=== PROMPT ===
Exactly as they stand, copy the lines from the one containing "美的M60小机皇520超薄零嵌入式冰箱家用双系统法式多门四门双开" to the final line of the data; leave out the pictures.

=== EXTRACTED DATA ===
↓

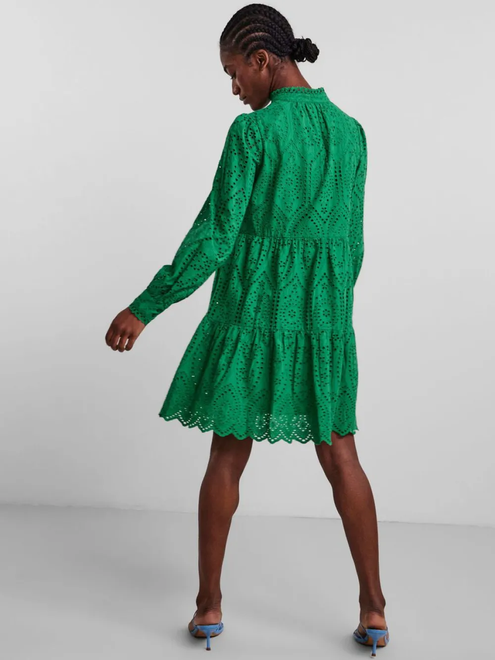 Röyhelöreunainen kiinalaiskaulus, v-pääntie, pallohihat. Hihansuissa röyhelöreunaiset kalvosimet. Kerrostettu helma, jossa brodeerattu siksakmuoto. Mekossa on vuori. Rento istuvuus.
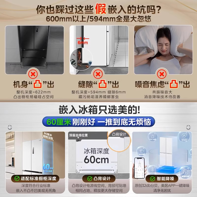美的M60小机皇520超薄零嵌入式冰箱家用双系统法式多门四门双开
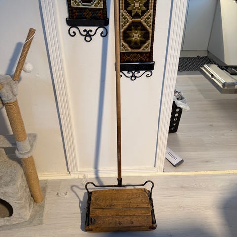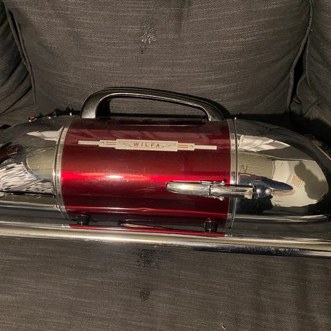 Selger en gammel klassisk Hoover støvsuger 220 v, fra ukjent årstall, er nok ganske sjelden, passer inn i klassisk hjem der antikviter blir verdsatt. Fungerer greit, men er nok best egnet som pyntegjenstand. 1000 eller hbo over.
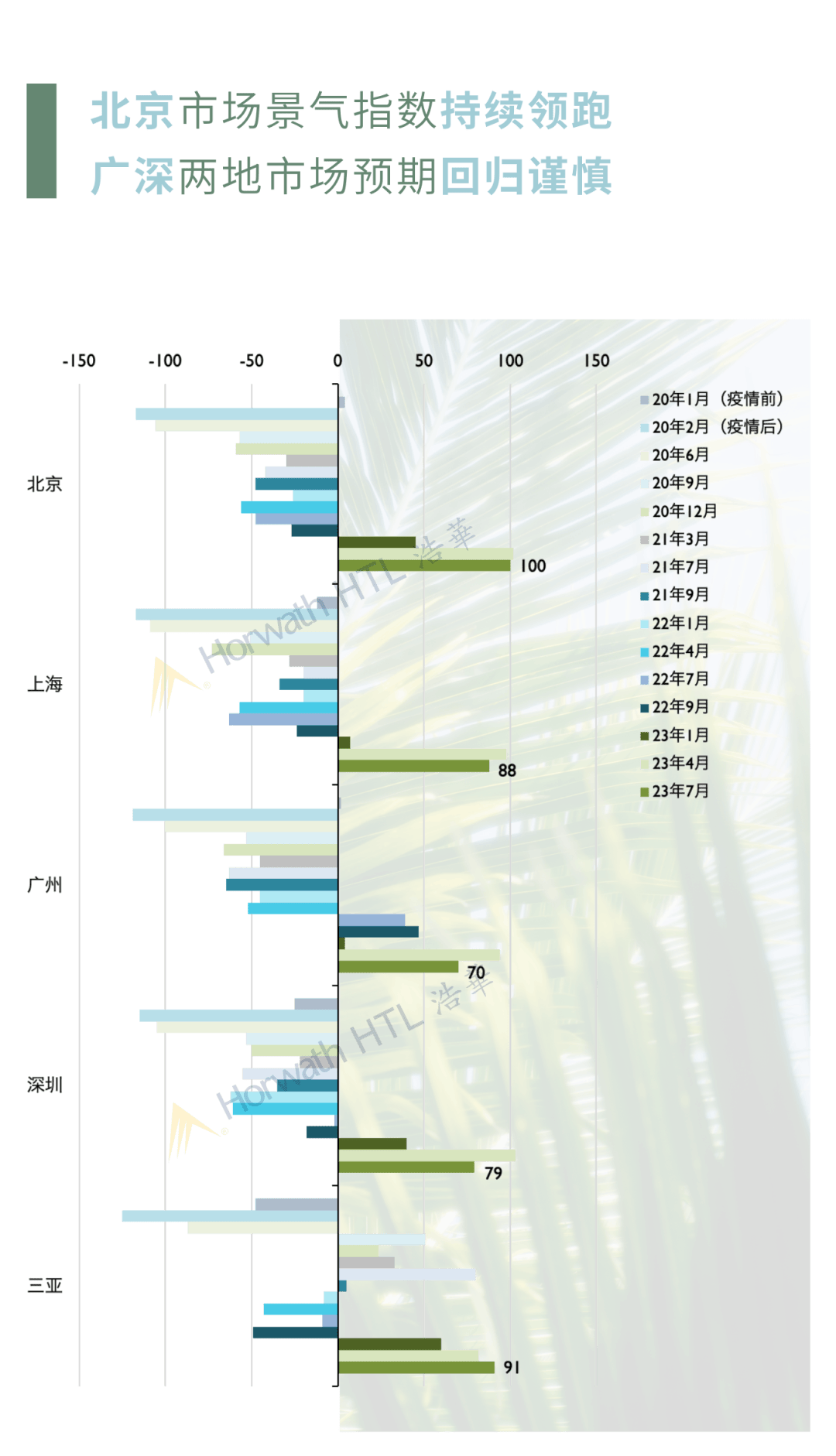 本次调查中,酒店市场业绩前景预测部分所呈现的景气指数反映了市场对整体业绩表现的期望值。该指数范围从-150至+150,“-150”表示市场对预期业绩表现非常悲观,“0”表示业绩预期持中立态度,“+150”则表示市场的预期值十分乐观。
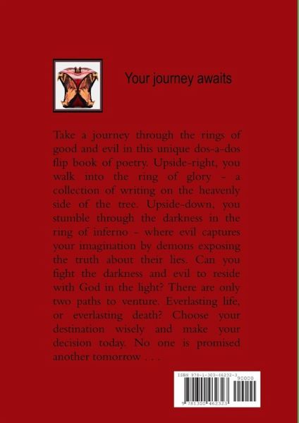 Take a journey through a ring of good and a ring of evil in this unique dos-a-dos flip book of poetry. Upside-right, you walk into the ring of Glory - a collection of writing on the heavenly side of the tree. Upside-down, you stumble through the darkness in the ring of Inferno - where evil captures your imagination by demons exposing the truth about their lies. Can you fight the darkness and evil to reside with God in the light? There are only two paths to venture. Everlasting life, or everlasting death? Choose your destination wisely and make your decision today. No one is promised another tomorrow . . .
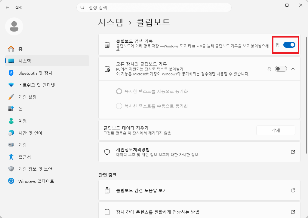 - 또 다른 방법 : 설정 - 시스템 - 클립보드 - 클립보드 검색 기록 - 켬

↑

=== RESULT BELOW ===
美的M60小机皇520超薄零嵌入式冰箱家用双系统法式多门四门双开
 Selger en gammel klassisk Hoover støvsuger 220 v, fra ukjent årstall, er nok ganske sjelden, passer inn i klassisk hjem der antikviter blir verdsatt. Fungerer greit, men er nok best egnet som pyntegjenstand. 1000 eller hbo over.
 本次调查中,酒店市场业绩前景预测部分所呈现的景气指数反映了市场对整体业绩表现的期望值。该指数范围从-150至+150,“-150”表示市场对预期业绩表现非常悲观,“0”表示业绩预期持中立态度,“+150”则表示市场的预期值十分乐观。
 Take a journey through a ring of good and a ring of evil in this unique dos-a-dos flip book of poetry. Upside-right, you walk into the ring of Glory - a collection of writing on the heavenly side of the tree. Upside-down, you stumble through the darkness in the ring of Inferno - where evil captures your imagination by demons exposing the truth about their lies. Can you fight the darkness and evil to reside with God in the light? There are only two paths to venture. Everlasting life, or everlasting death? Choose your destination wisely and make your decision today. No one is promised another tomorrow . . .
 - 또 다른 방법 : 설정 - 시스템 - 클립보드 - 클립보드 검색 기록 - 켬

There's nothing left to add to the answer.